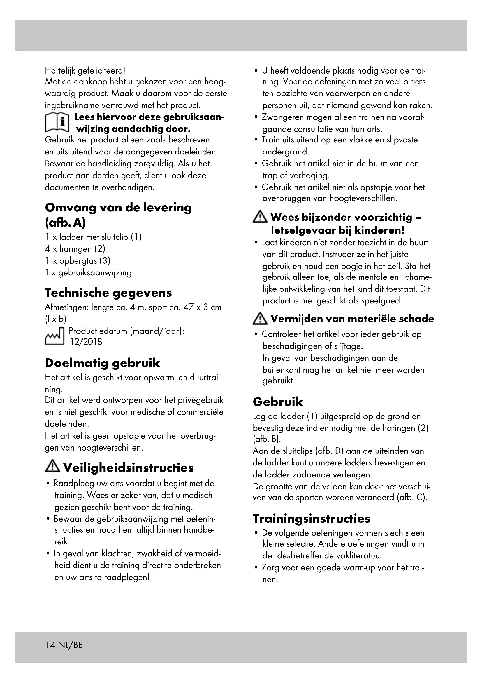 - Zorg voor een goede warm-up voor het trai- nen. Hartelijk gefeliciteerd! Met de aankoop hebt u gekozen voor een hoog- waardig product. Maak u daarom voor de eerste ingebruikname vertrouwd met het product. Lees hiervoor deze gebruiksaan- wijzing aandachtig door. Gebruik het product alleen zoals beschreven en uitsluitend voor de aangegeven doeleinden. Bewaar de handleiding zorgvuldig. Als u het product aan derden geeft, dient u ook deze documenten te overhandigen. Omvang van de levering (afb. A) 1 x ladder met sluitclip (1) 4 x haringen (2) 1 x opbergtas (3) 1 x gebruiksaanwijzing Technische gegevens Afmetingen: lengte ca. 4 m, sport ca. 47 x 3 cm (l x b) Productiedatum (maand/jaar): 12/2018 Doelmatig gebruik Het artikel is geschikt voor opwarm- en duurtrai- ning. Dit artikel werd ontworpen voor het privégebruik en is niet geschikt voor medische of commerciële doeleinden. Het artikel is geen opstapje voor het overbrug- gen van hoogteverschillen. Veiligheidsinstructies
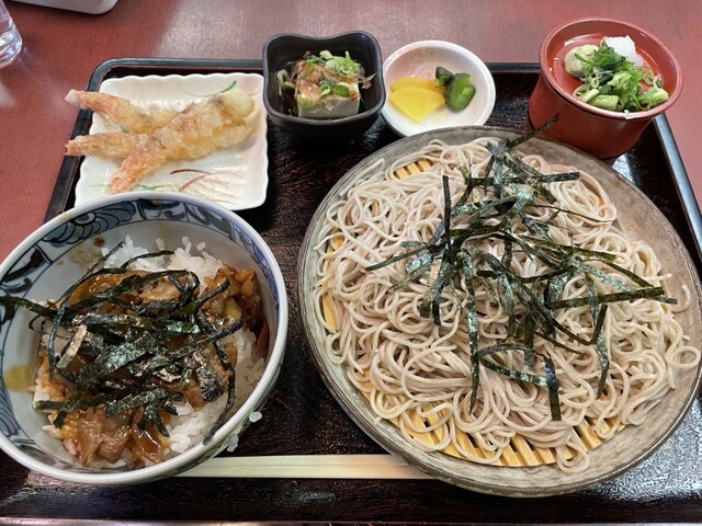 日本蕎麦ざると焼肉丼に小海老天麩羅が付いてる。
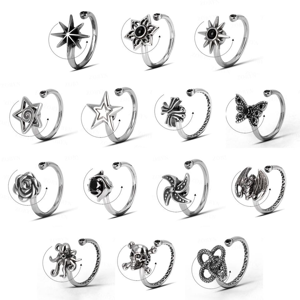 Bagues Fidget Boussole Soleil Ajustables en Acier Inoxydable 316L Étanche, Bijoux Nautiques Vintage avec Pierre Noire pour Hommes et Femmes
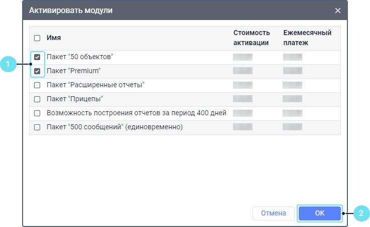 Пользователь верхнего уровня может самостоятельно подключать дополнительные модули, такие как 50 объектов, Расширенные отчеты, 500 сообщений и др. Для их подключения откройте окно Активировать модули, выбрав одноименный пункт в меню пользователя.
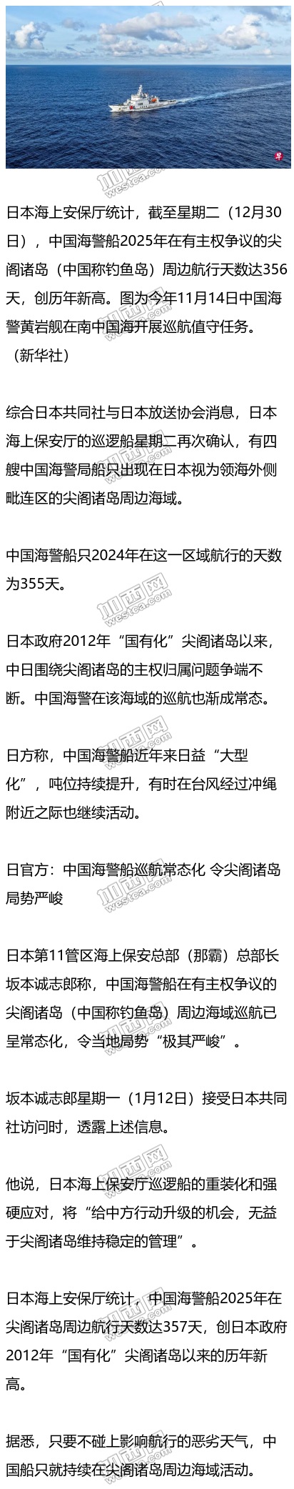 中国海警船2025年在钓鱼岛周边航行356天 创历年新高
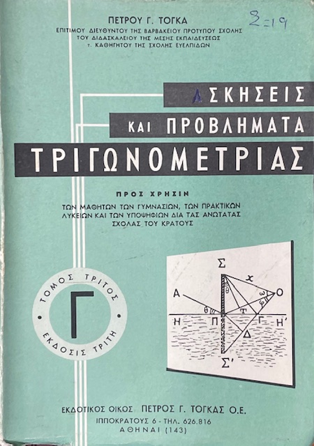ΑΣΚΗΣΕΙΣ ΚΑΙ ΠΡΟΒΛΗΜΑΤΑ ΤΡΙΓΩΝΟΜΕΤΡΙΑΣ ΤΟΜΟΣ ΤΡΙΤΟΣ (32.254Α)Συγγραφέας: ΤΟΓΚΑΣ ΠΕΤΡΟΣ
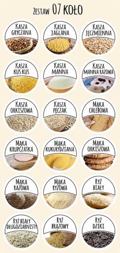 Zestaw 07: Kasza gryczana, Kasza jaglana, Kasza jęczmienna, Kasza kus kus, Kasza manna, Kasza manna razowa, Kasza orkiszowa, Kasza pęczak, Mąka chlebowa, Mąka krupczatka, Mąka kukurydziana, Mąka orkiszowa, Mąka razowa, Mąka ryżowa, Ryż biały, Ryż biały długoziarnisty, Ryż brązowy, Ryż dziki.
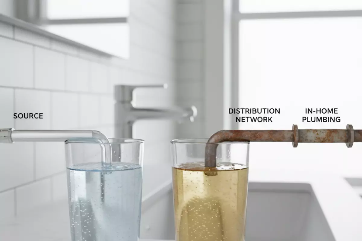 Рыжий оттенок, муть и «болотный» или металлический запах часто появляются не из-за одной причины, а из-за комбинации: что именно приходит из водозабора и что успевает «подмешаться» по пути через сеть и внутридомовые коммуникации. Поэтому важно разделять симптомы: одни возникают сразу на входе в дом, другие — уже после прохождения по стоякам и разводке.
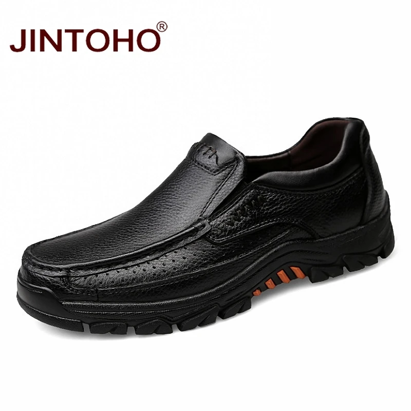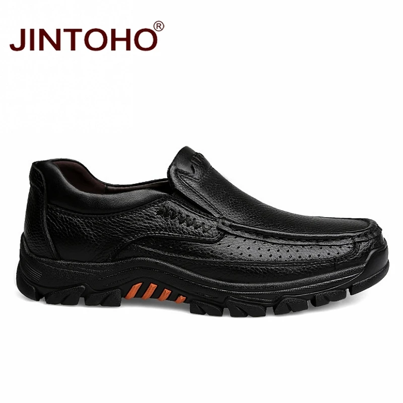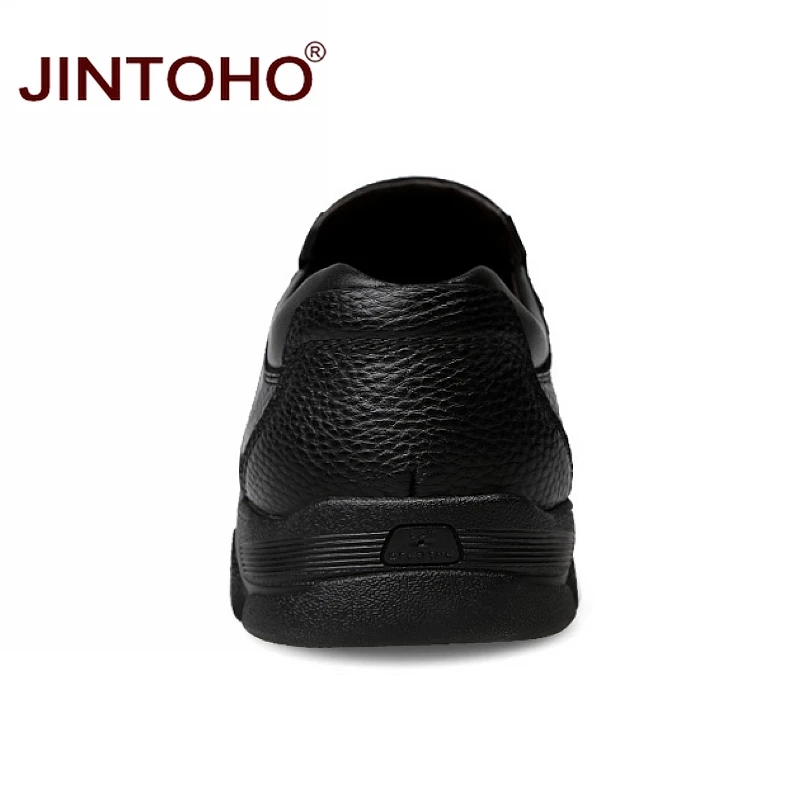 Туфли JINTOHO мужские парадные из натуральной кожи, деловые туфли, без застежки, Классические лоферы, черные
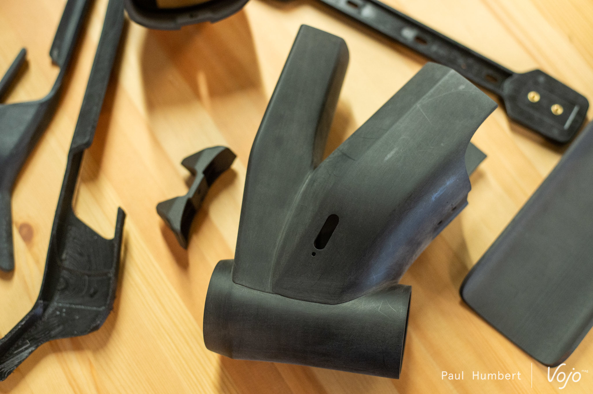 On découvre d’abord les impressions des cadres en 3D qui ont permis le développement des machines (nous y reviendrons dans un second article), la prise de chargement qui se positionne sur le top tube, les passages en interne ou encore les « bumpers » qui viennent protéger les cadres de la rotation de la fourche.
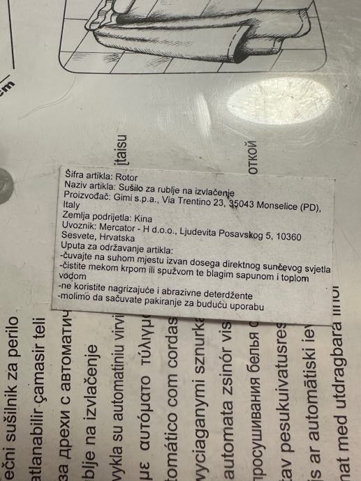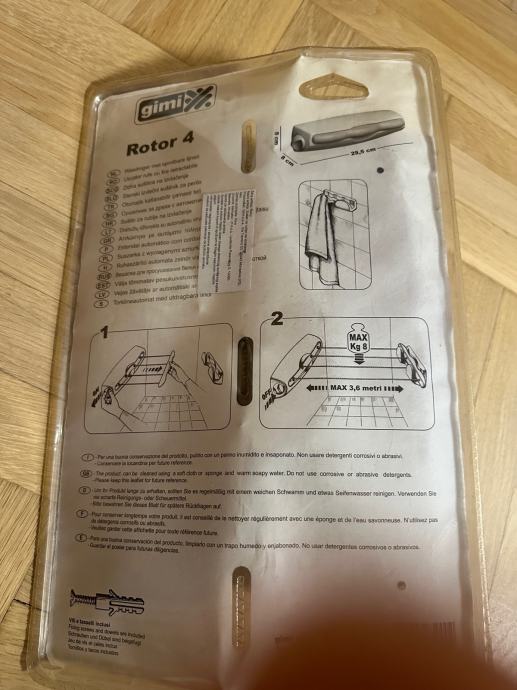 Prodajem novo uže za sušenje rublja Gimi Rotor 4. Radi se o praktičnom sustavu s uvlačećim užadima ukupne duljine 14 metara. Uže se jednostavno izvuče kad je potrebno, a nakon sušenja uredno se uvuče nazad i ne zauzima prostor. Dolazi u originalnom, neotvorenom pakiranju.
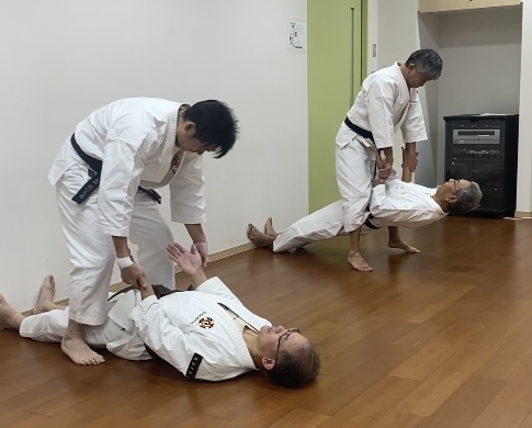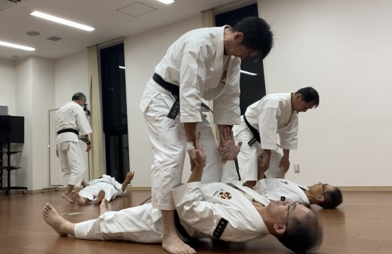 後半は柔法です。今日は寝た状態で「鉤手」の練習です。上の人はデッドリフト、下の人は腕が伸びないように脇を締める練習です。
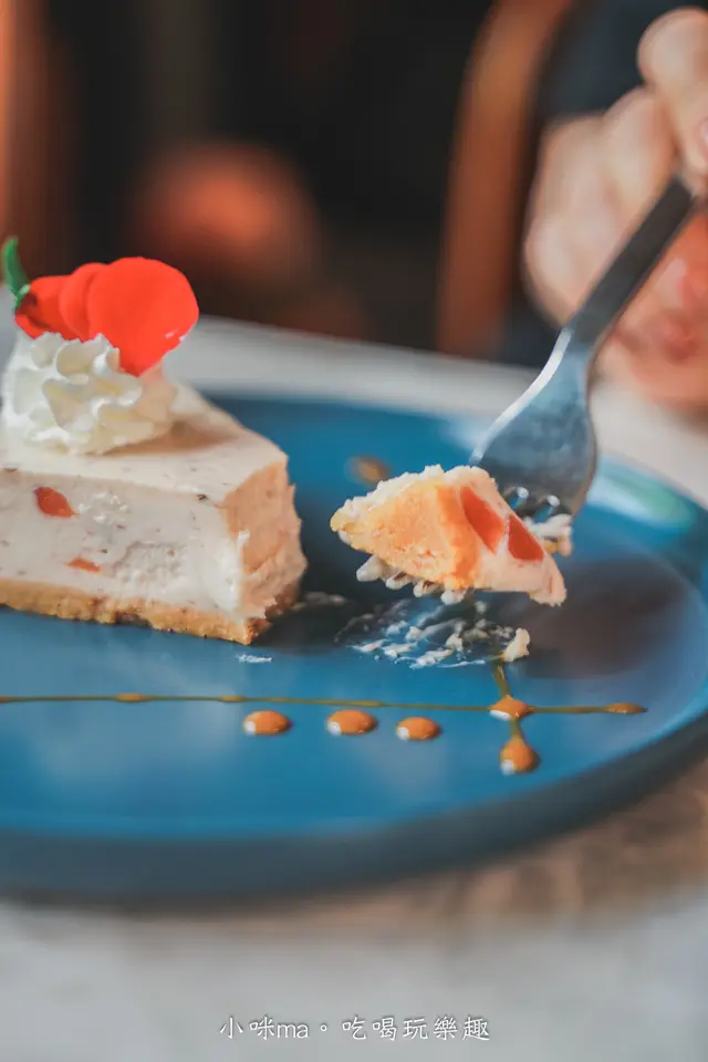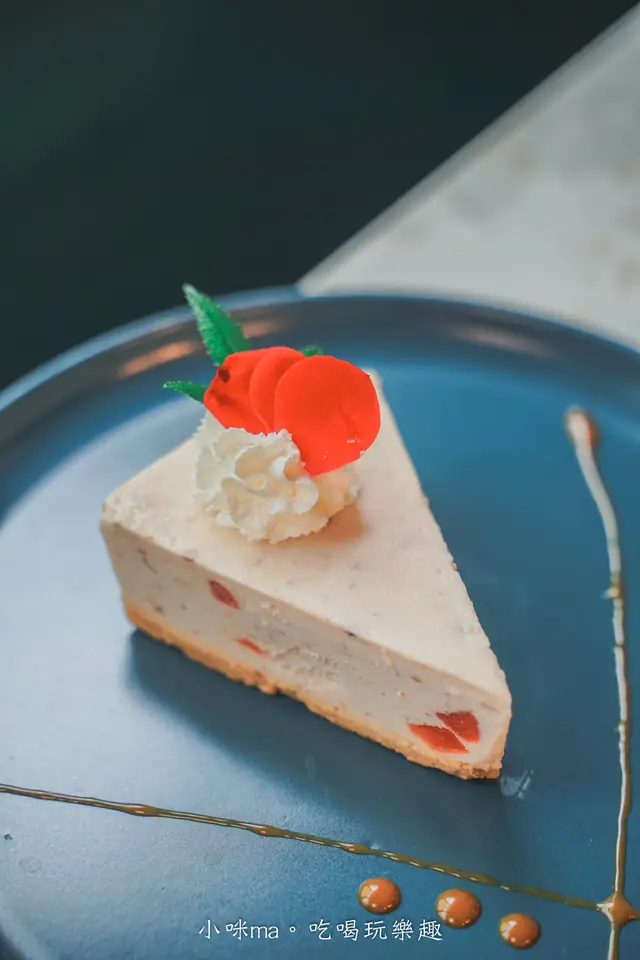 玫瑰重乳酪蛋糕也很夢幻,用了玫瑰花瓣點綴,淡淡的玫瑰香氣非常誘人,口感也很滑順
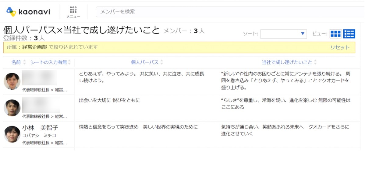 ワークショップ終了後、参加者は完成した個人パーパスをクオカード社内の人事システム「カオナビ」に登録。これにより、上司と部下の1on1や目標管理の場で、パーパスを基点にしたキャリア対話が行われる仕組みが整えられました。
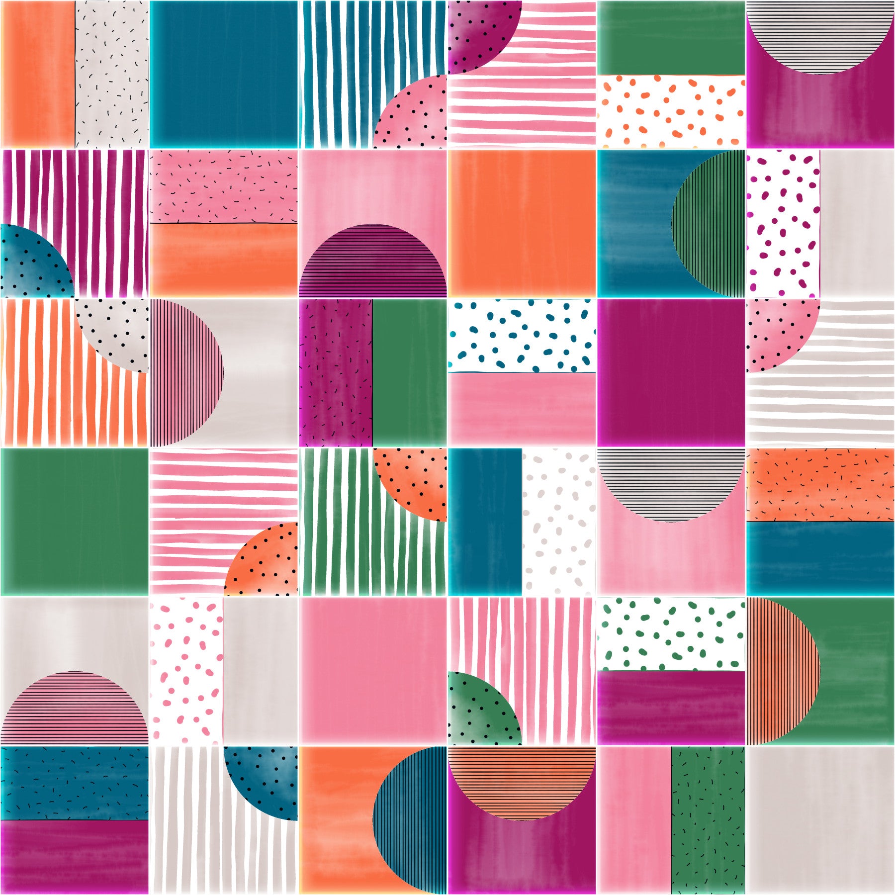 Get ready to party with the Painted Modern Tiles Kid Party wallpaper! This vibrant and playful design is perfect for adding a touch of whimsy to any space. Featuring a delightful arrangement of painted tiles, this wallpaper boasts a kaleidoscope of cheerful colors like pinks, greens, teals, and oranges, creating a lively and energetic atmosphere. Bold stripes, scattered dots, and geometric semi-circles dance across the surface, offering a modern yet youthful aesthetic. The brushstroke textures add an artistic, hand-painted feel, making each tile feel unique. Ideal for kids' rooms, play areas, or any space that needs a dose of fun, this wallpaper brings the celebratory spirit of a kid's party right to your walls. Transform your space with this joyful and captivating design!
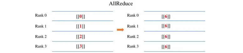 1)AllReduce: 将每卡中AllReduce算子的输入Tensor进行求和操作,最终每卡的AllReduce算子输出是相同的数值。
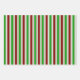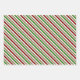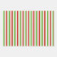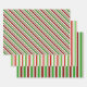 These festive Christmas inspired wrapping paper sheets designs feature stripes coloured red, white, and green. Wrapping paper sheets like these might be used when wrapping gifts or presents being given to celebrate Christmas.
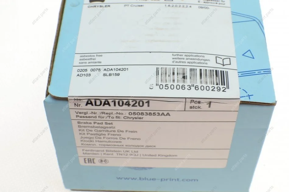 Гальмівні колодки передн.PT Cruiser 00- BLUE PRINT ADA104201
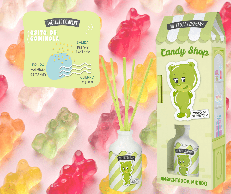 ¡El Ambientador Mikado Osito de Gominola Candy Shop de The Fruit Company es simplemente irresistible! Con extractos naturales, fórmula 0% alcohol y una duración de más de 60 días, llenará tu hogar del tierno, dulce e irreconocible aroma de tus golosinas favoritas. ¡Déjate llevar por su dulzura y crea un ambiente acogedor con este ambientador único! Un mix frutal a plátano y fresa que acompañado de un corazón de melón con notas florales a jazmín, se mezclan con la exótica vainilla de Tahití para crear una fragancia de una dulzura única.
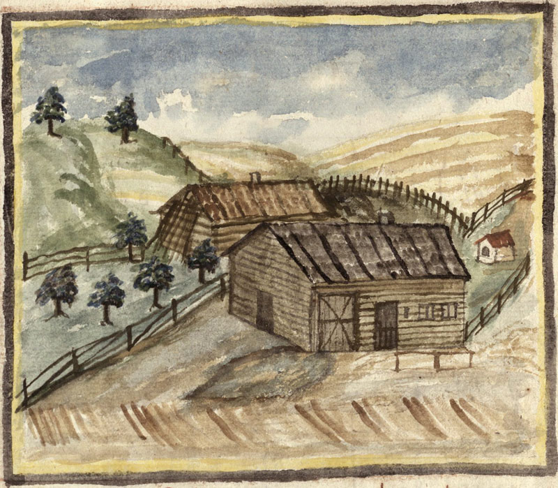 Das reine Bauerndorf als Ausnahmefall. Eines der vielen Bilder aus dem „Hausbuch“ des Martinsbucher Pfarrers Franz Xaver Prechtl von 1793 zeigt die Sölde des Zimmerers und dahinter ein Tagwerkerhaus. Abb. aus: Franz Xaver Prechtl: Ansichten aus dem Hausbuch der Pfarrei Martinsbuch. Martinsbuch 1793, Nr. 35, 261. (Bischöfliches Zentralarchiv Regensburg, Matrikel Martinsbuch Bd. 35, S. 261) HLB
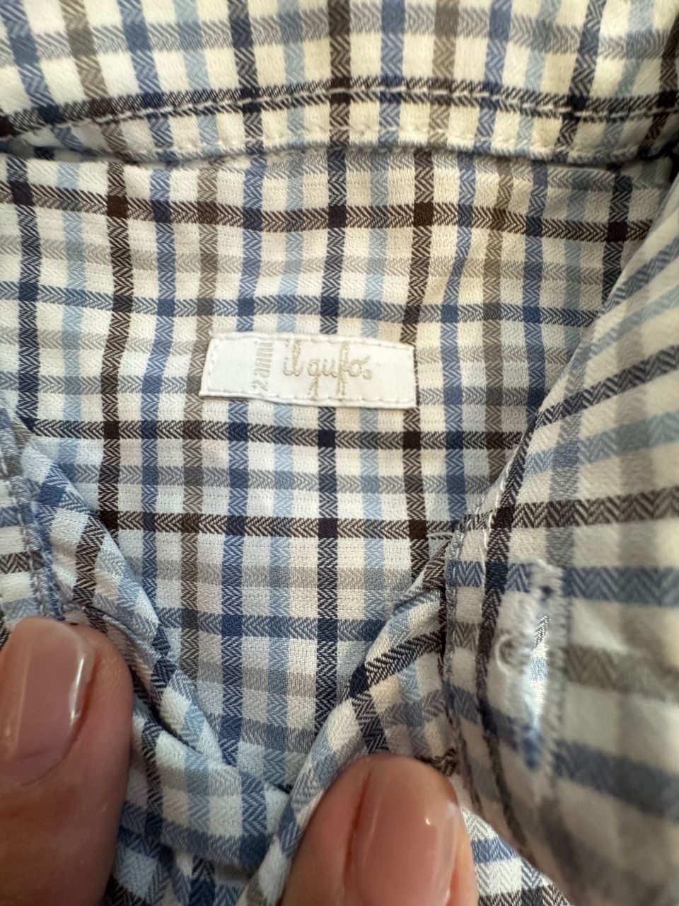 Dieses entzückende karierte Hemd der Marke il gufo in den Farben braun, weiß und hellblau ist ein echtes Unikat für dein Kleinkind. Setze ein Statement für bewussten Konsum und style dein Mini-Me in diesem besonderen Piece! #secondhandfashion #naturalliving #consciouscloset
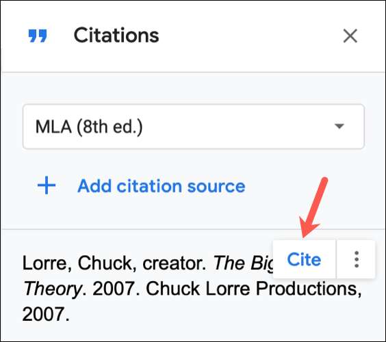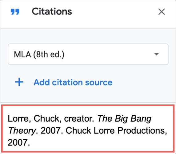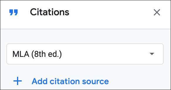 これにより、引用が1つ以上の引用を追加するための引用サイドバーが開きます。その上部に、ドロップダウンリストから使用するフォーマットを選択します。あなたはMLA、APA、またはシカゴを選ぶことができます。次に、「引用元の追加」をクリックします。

What you should do:
Give back exactly the run of lines that opens the material above and ends at the line with "Рыжий оттенок, муть". Omit the pictures.

Written response:
 - Zorg voor een goede warm-up voor het trai- nen. Hartelijk gefeliciteerd! Met de aankoop hebt u gekozen voor een hoog- waardig product. Maak u daarom voor de eerste ingebruikname vertrouwd met het product. Lees hiervoor deze gebruiksaan- wijzing aandachtig door. Gebruik het product alleen zoals beschreven en uitsluitend voor de aangegeven doeleinden. Bewaar de handleiding zorgvuldig. Als u het product aan derden geeft, dient u ook deze documenten te overhandigen. Omvang van de levering (afb. A) 1 x ladder met sluitclip (1) 4 x haringen (2) 1 x opbergtas (3) 1 x gebruiksaanwijzing Technische gegevens Afmetingen: lengte ca. 4 m, sport ca. 47 x 3 cm (l x b) Productiedatum (maand/jaar): 12/2018 Doelmatig gebruik Het artikel is geschikt voor opwarm- en duurtrai- ning. Dit artikel werd ontworpen voor het privégebruik en is niet geschikt voor medische of commerciële doeleinden. Het artikel is geen opstapje voor het overbrug- gen van hoogteverschillen. Veiligheidsinstructies
 日本蕎麦ざると焼肉丼に小海老天麩羅が付いてる。
 Bagues Fidget Boussole Soleil Ajustables en Acier Inoxydable 316L Étanche, Bijoux Nautiques Vintage avec Pierre Noire pour Hommes et Femmes
 Пользователь верхнего уровня может самостоятельно подключать дополнительные модули, такие как 50 объектов, Расширенные отчеты, 500 сообщений и др. Для их подключения откройте окно Активировать модули, выбрав одноименный пункт в меню пользователя.
 中国海警船2025年在钓鱼岛周边航行356天 创历年新高
ΑΣΚΗΣΕΙΣ ΚΑΙ ΠΡΟΒΛΗΜΑΤΑ ΤΡΙΓΩΝΟΜΕΤΡΙΑΣ ΤΟΜΟΣ ΤΡΙΤΟΣ (32.254Α)Συγγραφέας: ΤΟΓΚΑΣ ΠΕΤΡΟΣ
 Zestaw 07: Kasza gryczana, Kasza jaglana, Kasza jęczmienna, Kasza kus kus, Kasza manna, Kasza manna razowa, Kasza orkiszowa, Kasza pęczak, Mąka chlebowa, Mąka krupczatka, Mąka kukurydziana, Mąka orkiszowa, Mąka razowa, Mąka ryżowa, Ryż biały, Ryż biały długoziarnisty, Ryż brązowy, Ryż dziki.
 Рыжий оттенок, муть и «болотный» или металлический запах часто появляются не из-за одной причины, а из-за комбинации: что именно приходит из водозабора и что успевает «подмешаться» по пути через сеть и внутридомовые коммуникации. Поэтому важно разделять симптомы: одни возникают сразу на входе в дом, другие — уже после прохождения по стоякам и разводке.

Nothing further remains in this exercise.